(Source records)
------------

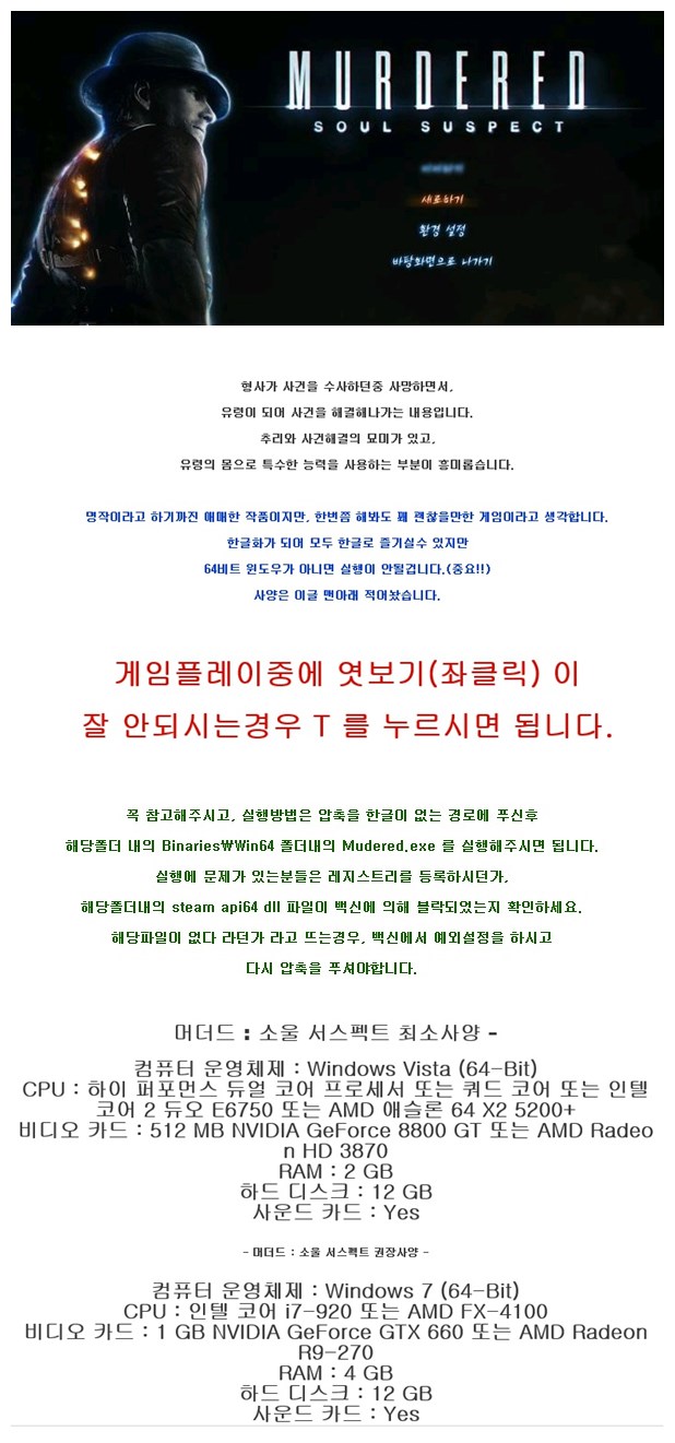 한글,무설치 머더드 소울 서스펙트 (윈64비트만 가능) 추리 사건해결
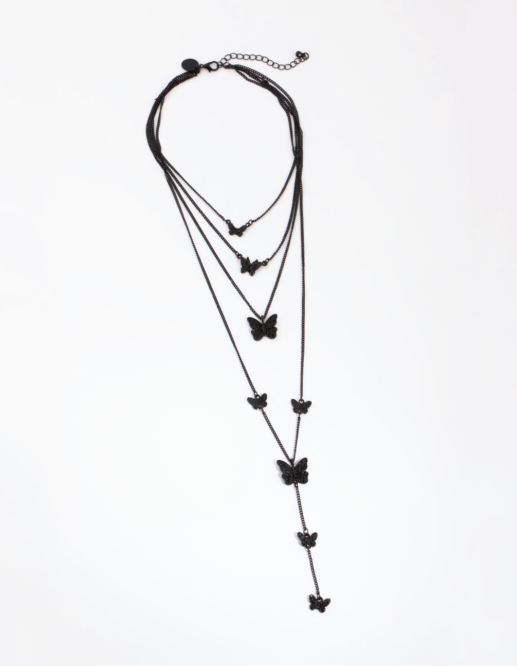 Matte Black Butterfly Layered Necklace
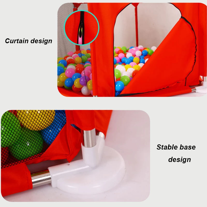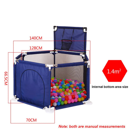 The square play yard fence,50" wide and stands tall at 26", providing much room for kids and their friends to play and parents can put more dolls,balls, rattles into it. Babies will feel so happy when playing in it.Note: When your children play in the ball pit tent, Please put carpet,play mat or other soft things in the bottom of play pen to support it, which will make your children play in the safe environment.
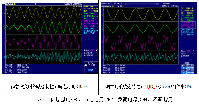 1. 可同时滤除2~50次以下的谐波电流,满载时使电源侧电流畸变率THDI<3%,半载时THDI<4%;
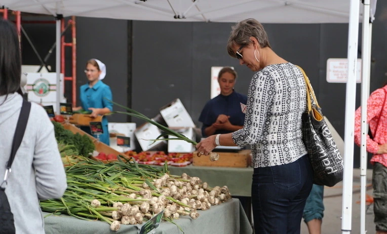 아미시 사람들이 농사 지어 온 풋마늘을 도시의 여인이 조심스레 고른다.

------------

ASSIGNMENT:
What is needed is an exact transcription of every entry, minus the pictures.

ANSWER FOR THE TASK:
 한글,무설치 머더드 소울 서스펙트 (윈64비트만 가능) 추리 사건해결
 Matte Black Butterfly Layered Necklace
 The square play yard fence,50" wide and stands tall at 26", providing much room for kids and their friends to play and parents can put more dolls,balls, rattles into it. Babies will feel so happy when playing in it.Note: When your children play in the ball pit tent, Please put carpet,play mat or other soft things in the bottom of play pen to support it, which will make your children play in the safe environment.
 1. 可同时滤除2~50次以下的谐波电流,满载时使电源侧电流畸变率THDI<3%,半载时THDI<4%;
 아미시 사람들이 농사 지어 온 풋마늘을 도시의 여인이 조심스레 고른다.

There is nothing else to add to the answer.